Principles of risk assessment

As previously mentioned, GM crops have a number of potential benefits for growers, processors and eventually the consumer, but it is also recognized that there are likely to be environmental impacts and implications for food quality and safety. For example, exploitation of novel GM pest-, disease- and herbicide resistant crops will require different (often reduced) pesticide and herbicide applications. These modified management systems will have an impact upon current agricultural systems and the agricultural environment. Such impacts are best analyzed by risk assessments.

The basic concepts of risk assessment for genetically modified crops are similar to those applied to chemical pesticides where the risk is equal to the frequency and the hazard. For example no exposure (frequency) would equate to zero hazard. Risk assessments study both the severity and extent of the hazard or damage as well as the likelihood and frequency at which the damage will occur. Risk is defined as:
    Risk (impact)= Frequency (exposure) × Hazard

Clearly the ideal situation would be one of zero risk. Since in reality the likelihood of risk is always greater than zero, acceptable risk levels for GM crops must be defined, as with all new technology. What is defined as acceptable is based upon cultural values and may well differ globally. Indeed the current climate of controversy surrounding GM crops signifies strong cultural differences between European and North American consumers in what is defined as acceptable levels of risk for the utilisation of GM crops.

While there are differences in the regulatory procedures controlling the development and commercialisation of GM crops in North America and Europe, both systems apply the same broad principles to assessing the safety of GM crop usage for food, animal feed and in terms of environmental impact. The first step involves thoroughly assessing the procedure for modifying the plant tissue. In the UK, for example, the Advisory Committee on Genetic Modification (ACGM) is the regulatory authority responsible for contained use evaluation; that is, the initial experimental work ‘contained’ within the laboratory or glasshouse. The risk evaluation procedure must be specific to each product. Broadly drawn conclusions, for example based on inter-species comparisons, are unacceptable. Most importantly the information requested in a risk assessment must be derived scientifically, with experiments designed to provide clear, interpretable, unequivocal and reproducible results. A recent addition to the risk-assessment procedure has occurred in the UK, in response to public pressure, where there is now a move towards assessing the societal and cultural impacts of this new technology alongside the environmental and human health risks.

Risk assessment can be divided into four steps (Nickson and McKee 1998):
  1. problem formulation
  2. risk analysis
  3. risk characterisation
  4. risk management.

Problem formulation requires that all available information concerning the plant, the trait and the experimental information is gathered in the context of the most likely hazards, such as toxicity/allergenicity. Once all the data are available, they can be analysed for characterisation of the likelihood and/or severity of the risk. In the final phase of the assessment procedure, the acceptability or otherwise of the identified risk must be determined and effective plans set out for its management. The risk assessment procedure is an iterative one and must continue throughout the use of the product, including post-market monitoring.

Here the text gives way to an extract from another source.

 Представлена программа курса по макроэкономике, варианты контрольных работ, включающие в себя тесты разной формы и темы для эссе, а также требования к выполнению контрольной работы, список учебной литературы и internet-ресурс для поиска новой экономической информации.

In the case of GM crops there are a number of variables/risk types to consider including impacts on the agricultural environment, closely related species, insects and animals and human health. To analyse the consequences of GM crop impact upon the agricultural environment requires a detailed understanding of the characteristics of the GM crop in question. This involves determining which wild relative, if any, it may hybridize with and studying the management systems involved in growing the GM crop itself. It also involves recognising any potential effects on other GM or non-GM crops which are likely to be grown in rotation with the variety being assessed. As an example, GM herbicide tolerant (HT) crops will be treated with different herbicides, with different activity spectra, at different crop development stages, leading to effects on the botanical diversity in the GM-HT crop which are the product of the interaction between the GM crop and the herbicide treatment.

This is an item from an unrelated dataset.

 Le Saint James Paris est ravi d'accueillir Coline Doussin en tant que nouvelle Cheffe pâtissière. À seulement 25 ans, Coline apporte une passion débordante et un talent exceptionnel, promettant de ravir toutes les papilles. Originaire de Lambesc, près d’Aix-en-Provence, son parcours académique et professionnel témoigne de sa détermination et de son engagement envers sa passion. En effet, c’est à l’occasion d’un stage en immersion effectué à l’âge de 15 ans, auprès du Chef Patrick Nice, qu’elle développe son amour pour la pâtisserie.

The nature of any hazard is dependent upon the characteristics of both the crop that is modified and of the GM trait. Risk assessments require measurement and study of the hazard or impact of both. Numerous studies have concentrated on measuring frequency phenomena such as gene flow and inter-specific hybridisation without considering the impact of the transgene when it has dispersed or introgressed into other populations or species. In addition the impact of the release of the GM plant will depend on the type and location of the environment into which it is being released. To be truly effective, risk assessments may have to be carried out for a range of locations as they are not necessarily transferable from one site, area, region or country to another.